Any ideas on which brand of tailgate feeder to buy? I have an old square Texas Hunter with a wireless remote. Was thinking maybe about getting a new tailgate feeder which wasn't so heavy.

Any suggestions?

Thanks!


----------



## jtburf (May 26, 2004)

Academy has one for 99.00 its lighter than most and takes whole bag of corn.
http://www.academy.com/shop/pdp/for...29379?N=900177527&Ntt=tailgate+feeder&Ntk=All
John


----------



## grayson (Oct 21, 2011)

go to Bucees - best price on 100 lb tailgates - I have two of them -


----------



## BretE (Jan 24, 2008)

grayson said:


> go to Bucees - best price on 100 lb tailgates - I have two of them -


Hang on the tailgate like mine or go in the receiver?......and yep, I'm back home, no buck!

I'm on my 8th year on mine, gotta be a record!


----------



## CHARLIE (Jun 2, 2004)

Made mine goes in receiver hitch.


----------



## timd (Nov 5, 2006)

I bought one from Chas-Mac in Houston.

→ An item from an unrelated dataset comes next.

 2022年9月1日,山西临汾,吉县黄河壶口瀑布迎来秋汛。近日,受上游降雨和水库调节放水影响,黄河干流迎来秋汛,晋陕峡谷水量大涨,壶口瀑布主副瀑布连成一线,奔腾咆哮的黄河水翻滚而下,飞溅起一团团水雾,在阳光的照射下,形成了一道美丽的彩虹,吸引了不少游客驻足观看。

It is good quality. Had I seen the one's I saw at Buccee's I would have bought it.


----------



## cwbycrshr (May 23, 2013)

I bought one of these about 8 years ago. I immediately beefed up the framing material with angle iron and welded a receiver hitch on it. I found it to be in the way on the back for the tailgate, so when I made new bumpers for my hunting truck I put a receiver hitch on the front bumper and that's where it stays. West Texas can beat anything up (Iv'e seen more than one twisted frame from rocking around out their) and this one has held up fine (but I don;t think it would have lasted a day without adding the angle iron).

Wish it was remote...but the wires are long enough to go over the cab and come through the rear sliding glass, so it's not that big of a deal.

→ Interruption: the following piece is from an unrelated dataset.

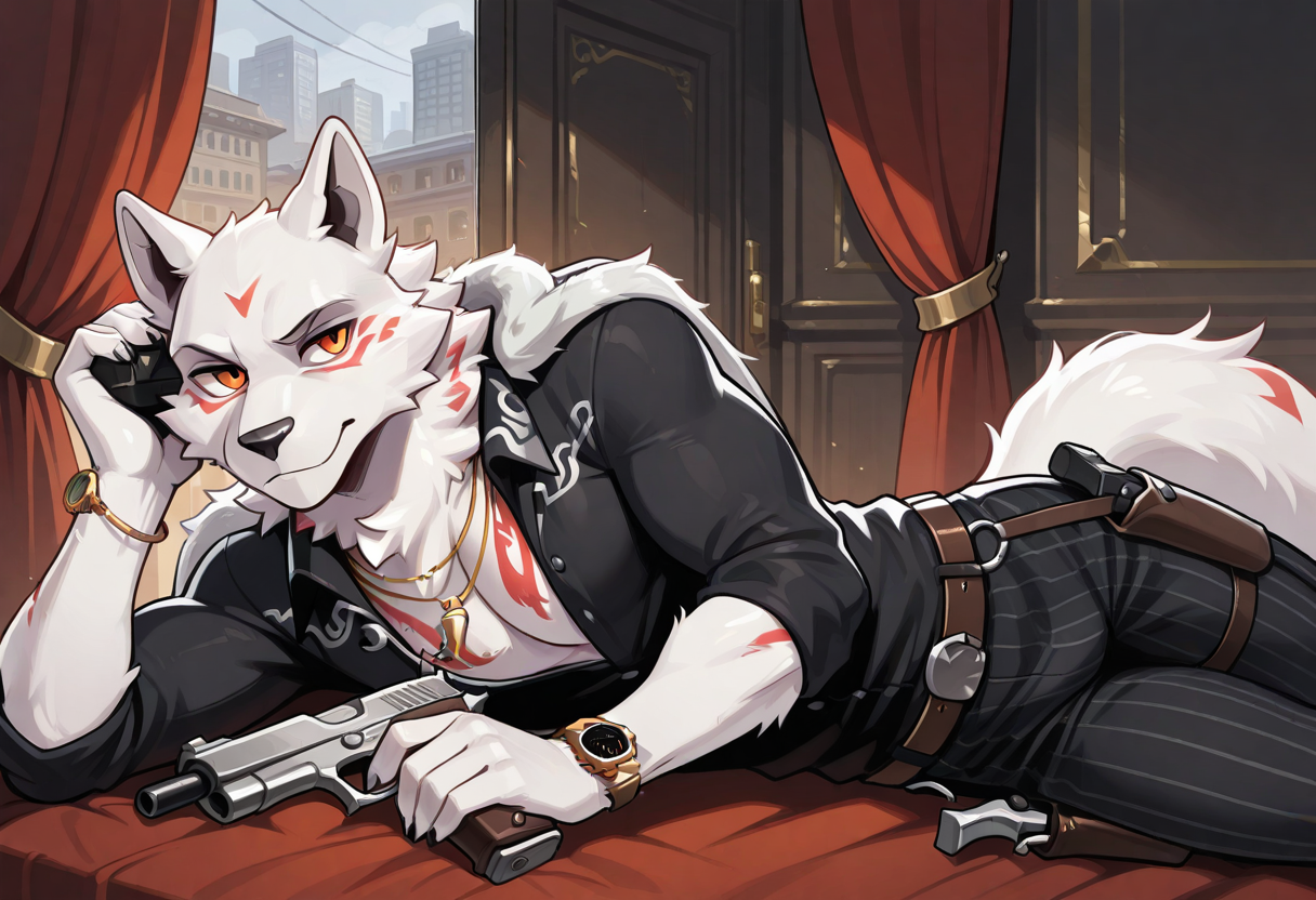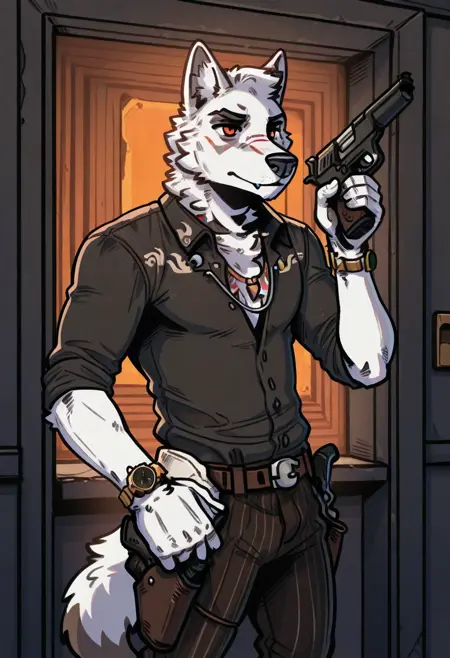 Pony: score_9, score_8_up, score_7_up, score_6_up, high res, best quality, f1etcher_k4ne, 1boy, male focus, solo, furry, furry male, orange eyes, jewelry, pectorals, wristwatch, brown belt, standing, curtains, holster, furry male, tail, pinstripe pattern, necklace, building, belt, white fur

http://www.academy.com/shop/pdp/foreverlast-50-lb-tailgate-feeder/pid-29379?N=900177527&affcode=42&kwid=ps_cse&cid=PLA_012462206&ds_e_ad_type=pla&gclid=CjwKEAiAoJmlBRCxjKeizPHVs1ESJAC6cxjUNwyPDGodlJehTZ4UZs2QEKz0g1YW9lOQfjdAxfodxhoCAQPw_wcB&kwid=productads-plaid%5E82959123798-sku%5E012462206-adType%5EPLA-device%5Ec-adid%5E51684504318 $99.00 and I think I paid closer to $75 at the time.


----------



## Charles Helm (Oct 22, 2004)

I have had two, got tired of the one that blocked the tailgate and got a Lamco low profile so I could open the tailgate without removing the feeder. It hung down a bit and the plate that protects the spinner would hit a rock now and then, but I liked it. Sold it along with the truck. Probably should have hung onto both.


----------



## Slimshady (Jan 11, 2005)

Whatever you get, make sure it has the spring spinner plate. Lamco's are very nice and low profile.

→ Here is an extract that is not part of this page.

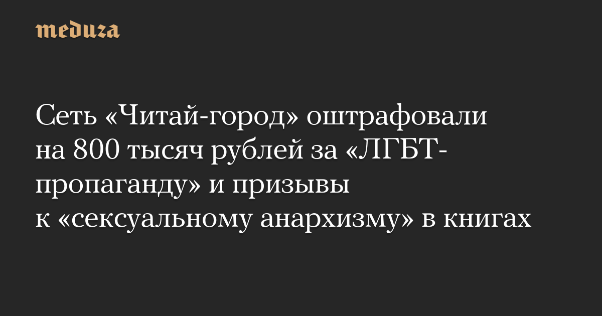 Сеть «Читай-город» оштрафовали на 800 тысяч рублей за «ЛГБТ-пропаганду» и призывы к «сексуальному анархизму» в книгах

http://www.lamcofeeders.com/products/details/50-lb.-road-feeder


----------



## captMike (Jan 30, 2006)

*tail gate feeders*

I have heard of several people having problems with the chaff in aluminum radiators, the chaff build up and will corrode the radiators, just food for thought.


----------



## TXDRAKE (Jun 24, 2004)

Another vote for Lamco low Profile!!


----------